Trust Among Strangers in Internet Transactions: Empirical Analysis of eBay’s Reputation System 
Aditi Nath + Ankita Shastry
Have you Done Anything Like That? Predicting Performance Using Inter-category Reputation 
- In the current system, the reputation for a worker when he is exploring a new category is determined by uniformly averaging all of the previous categories that the worker has been involved in.
- The researchers believe this method is inherently flawed because a worker may have completed tasks in categories that have no relevance to the new category.
- For example, the researchers believe makes no sense that reputation based on a completed task in Language translation and reputation based on a completed task in website design have the same weight when a worker attempts to complete his first task in mobile application development.

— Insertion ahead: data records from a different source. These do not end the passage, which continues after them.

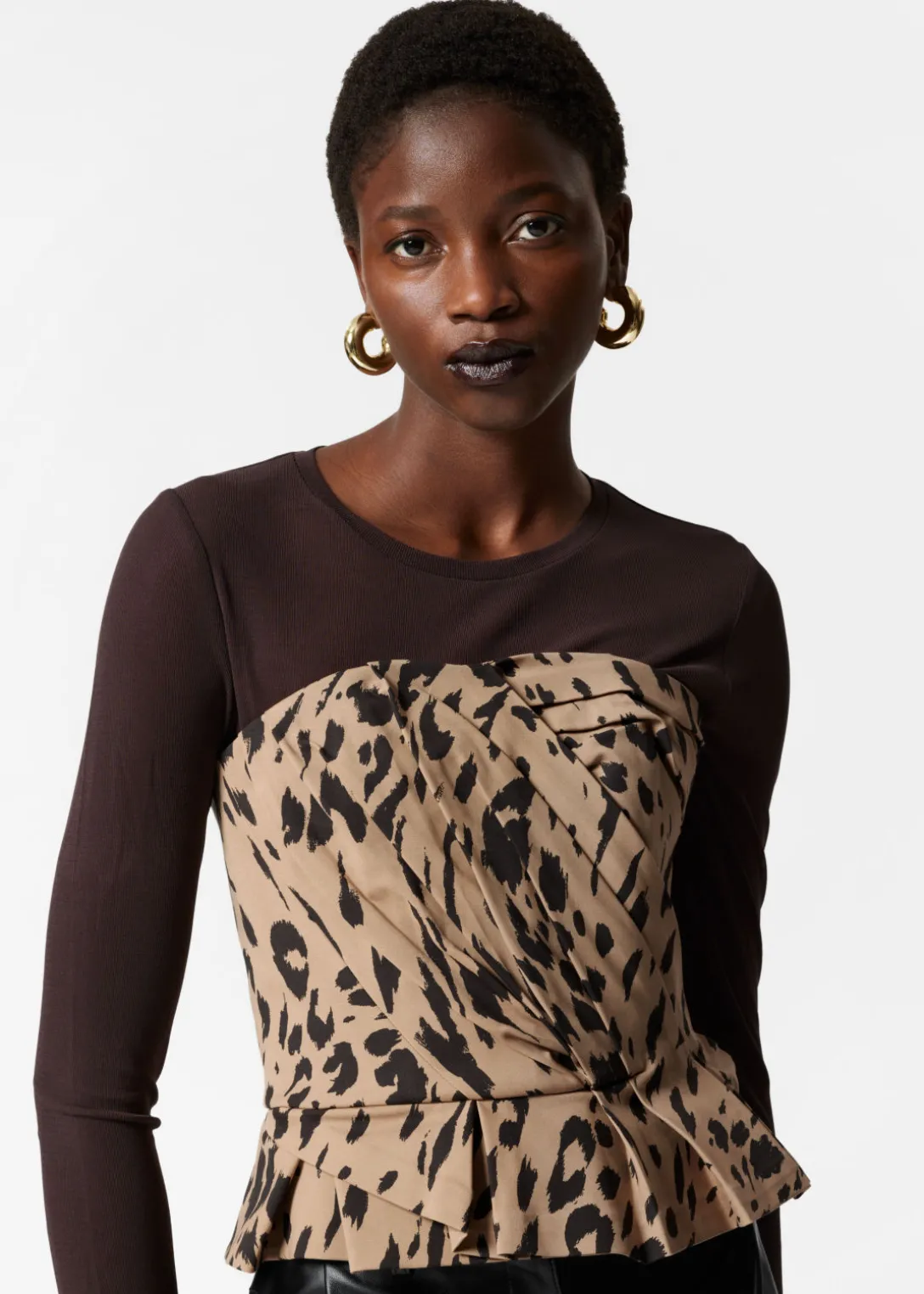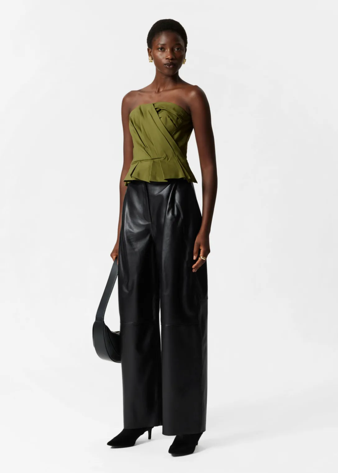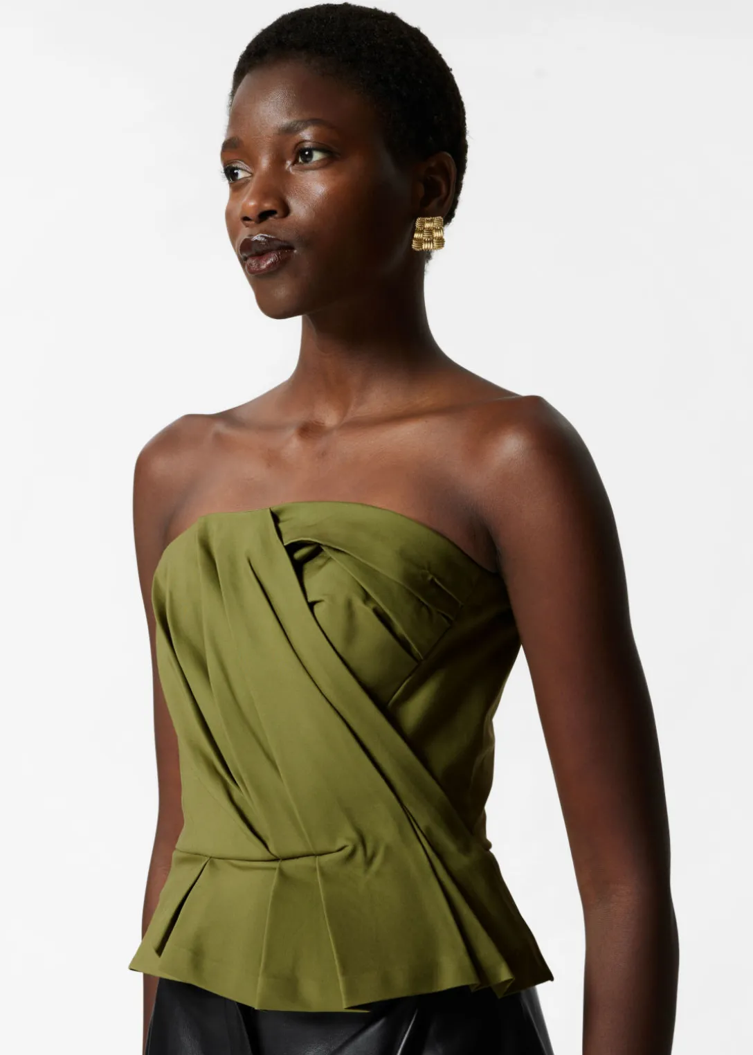 Haut bustier avec une finition drapée créant un ourlet asymétrique.
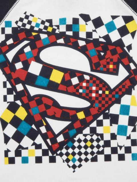 Off-white and navy blue top, has a round neck, short sleeves and superman graphic print on the front
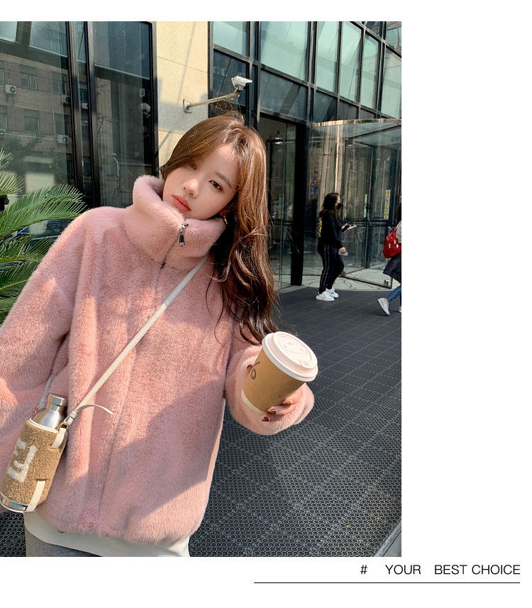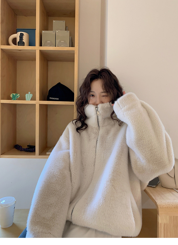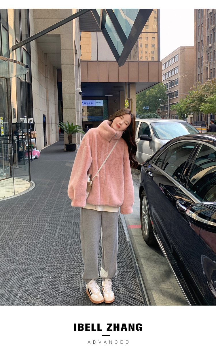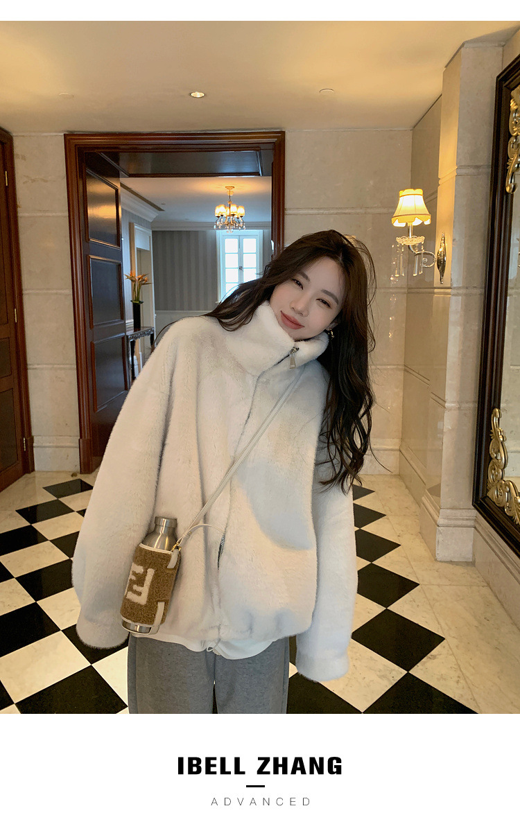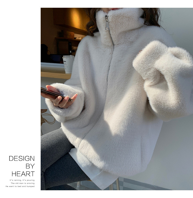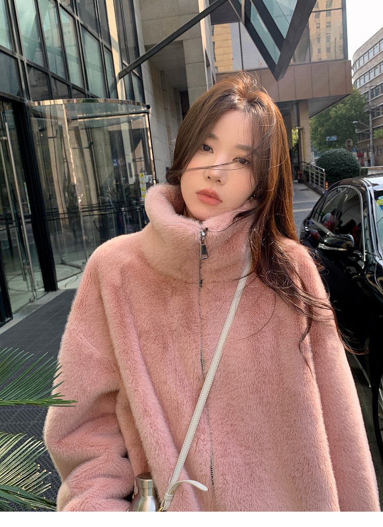 특별 제공 모피 여성의 느슨한 환경 친화적 인 마오 마오 짧은 재킷 모조 유럽 밍크 울 스탠드 칼라 따뜻한 한국 스타일 하이 칼라 겨울 새로운
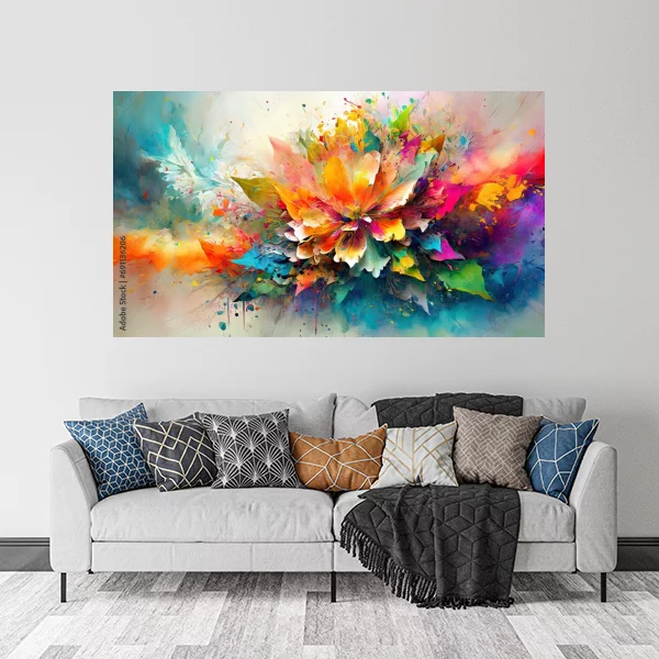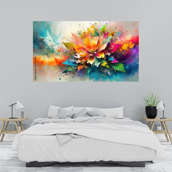 Obraz na płótnie przedstawia dynamiczną, kolorową abstrakcję. Centralnym elementem jest motyw przypominający eksplodujący kwiat, z płatkami w żywych odcieniach czerwieni, pomarańczu, żółci, zieleni, błękitu i fioletu. Kompozycja pełna jest energii i ruchu, a intensywne barwy przenikają się, tworząc wrażenie rozpryskującej się farby. Całość nadaje dziełu efekt lekkości i ekspresji, idealnie nadając się jako efektowna dekoracja ściany.
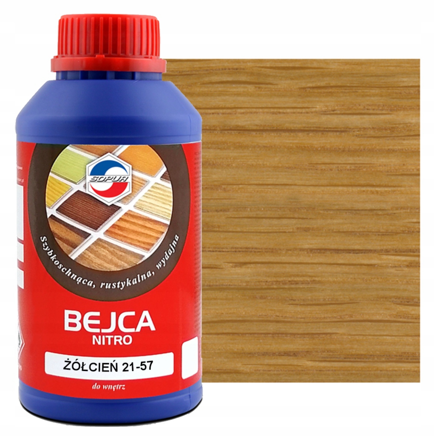 призначена для фарбування хвойної та листяної деревини, особливо для дуба, золи та сосни. Він підкреслює і зміцнює креслення деревного зерна, даючи сільський ефект. Він характеризується коротким часом сушіння, дуже хорошими випаровами та однорідністю. Дерев’яне для фарбування повинно бути чистим, належним чином шліфованим абразивним грануляцією 150-220 (залежно від видів деревини) та без пилу та смолистих плям.
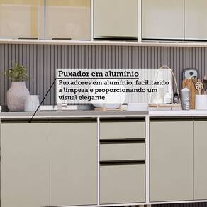 A Cozinha Linea foi desenvolvido aliando beleza e praticidade ao seu ambiente. As portas embutidas remetem ao planejado, ainda conta com acessorios requintados como dobradicas em 35mm com amortecimento Slowmotion, dobradica com amortecedor incorporado para fechamento suave de portas, puxadores tipo gola em perfil aluminio na cor Inox e pes em PS -poliestireno- na cor champagne. Possui gavetas com corredicas metalicas telescopicas em tres estagios, para abertura total. Perfeito para sua cozinha.
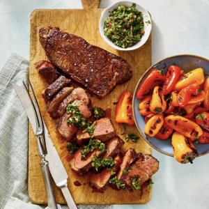 Roasted New York Strip Steak with Chimichurri Sauce
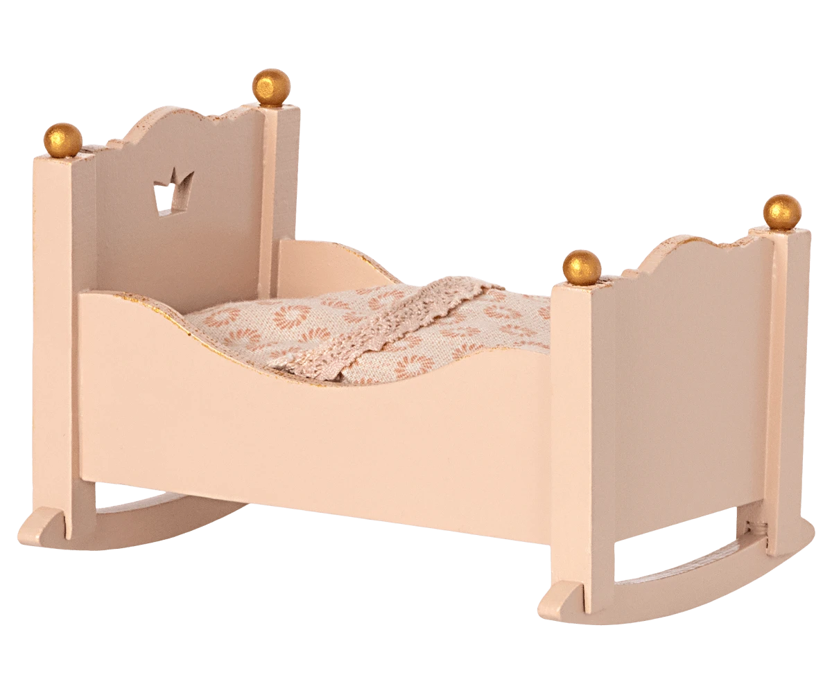Culla per topolini e coniglietti – Rosa Una culla in legno dal design principesco, viene fornita con un materasso e un morbido sacco a pelo. Si adatta perfettamente al castello di Maileg. Dettagli: materiale: metallo e cotone dimensioni: 9,5 x 6,5 cm misura: Mouse età consigliata: 3+ anni topolini e coniglietti acquistabili a parte marca: Maileg

- To solve this, the researchers created a new model that assigns weighting to previous tasks based on their relevance to the new category.
- There is evidence of an increase in accuracy from the baseline (status quo methods) using their model, both on a random scale and on a real-world application scale.
- This works with both sparse data models and even when there are dense data models. This will make sure that this approach will always work, regardless of data points.
- Filters out information that may be irrelevant to the task at hand.
- Can only be used to modify rating scores shown to employers. Essentially may be a limited approach for our diverse website.
- May filter out some important information as well. .
- If a worker has never completed a task in a relevant category before, he/she will be disincentivized from completing a new task since there is a low chance that he/she will be hired. A decrease in worker freedom in this way could push people away from our interface
Expansion on Con 2: Although categories like language translation may not have any sort of relevance to a programming task in terms of expertise, there are some other skills, like dedication, effective communication, and being a trustworthy worker. In this setup, that information does not factor over as it is part of a seemingly irrelevant category.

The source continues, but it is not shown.